I might have the wrong perspective about the local path storage provider: But it gave me quite a bit of headache with it's placement constraints (I think that's what they where called) when I tried to scale down my cluster. I had volumes attached to all of my nodes and couldn't find a way to migrate them to other worker nodes.

That's why I wanted to have a look at longhorn and give that a try.

Personally chectl hasn't been an issue with k3s. Though I would also prefer a more transparent workflow like with helm charts. Assuming there were reasons for this decision.

mash-graz commented 4 years ago

I might have the wrong perspective about the local path storage provider: ...

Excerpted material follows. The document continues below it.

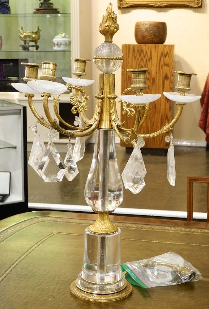 LOT 32 Pair of Ormolu & Rock Crystal Candelabra, 25" x 17" x 17" (as found). Estimate: $300 - $500 Auction Date: Tuesday, April 23 2024 at 4:00 PM

for real multinode clusters you will usually choose and setup the most optimal solution with care (ceph etc.), but k3s is in most cases used in rather simple usage scenarios, just like minikube.

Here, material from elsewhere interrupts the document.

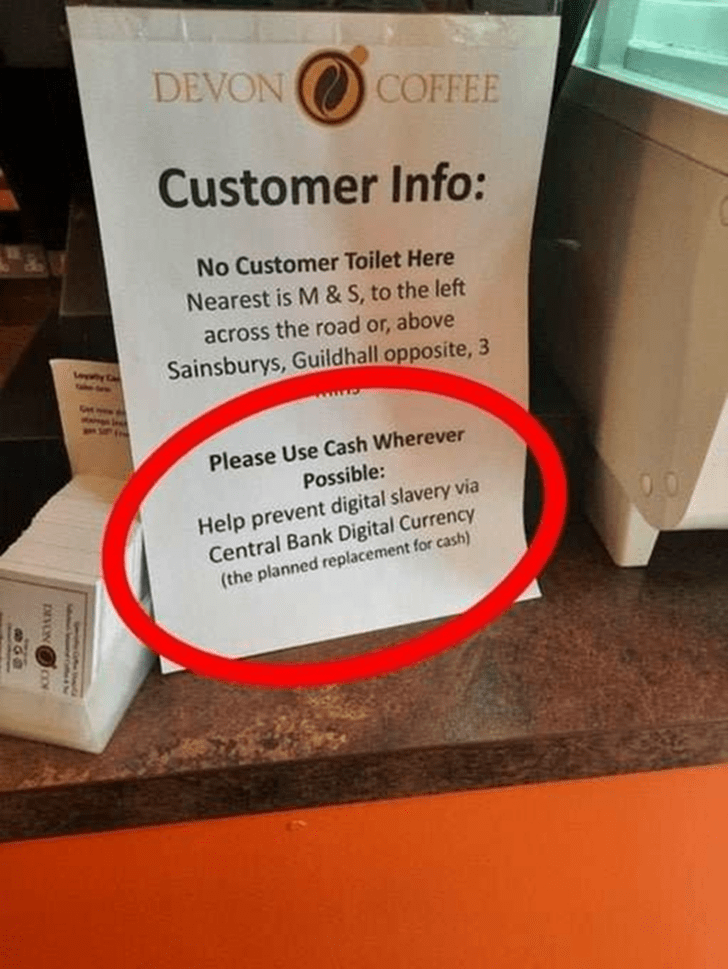 See a cashless society and Central Bank digital currency (CBDC) where purchases are monitored and financial accounts controlled by the government.

i only mentioned this detail, because even in this kind of minimalist utilization it will make an observable performance difference (e.g. on compiling code), on which type of persistent volume you proceed your jobs. that's why it's often useful to utilize this implementation specific capabilities, if they are available even on this very simple setups.

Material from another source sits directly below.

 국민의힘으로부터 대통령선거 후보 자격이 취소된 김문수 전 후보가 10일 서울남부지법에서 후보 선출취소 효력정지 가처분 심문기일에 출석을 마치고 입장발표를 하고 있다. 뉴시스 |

Personally chectl hasn't been an issue with k3s. Though I would also prefer a more transparent workflow like with helm charts. Assuming there were reasons for this decision.

yes -- this may be the case, nevertheless i personally also esteem transparency and comprehensible control.

sr229 commented 4 years ago

Some updates, I think we can use the Traefik ingress which is in the extensions/v1beta1 namespace, which should work for most of the people's needs.

sr229 commented 4 years ago

Otherwise I think Che should be ready for primetime for this, will give it a check later.

che-bot commented 3 years ago

Issues go stale after 180 days of inactivity. lifecycle/stale issues rot after an additional 7 days of inactivity and eventually close.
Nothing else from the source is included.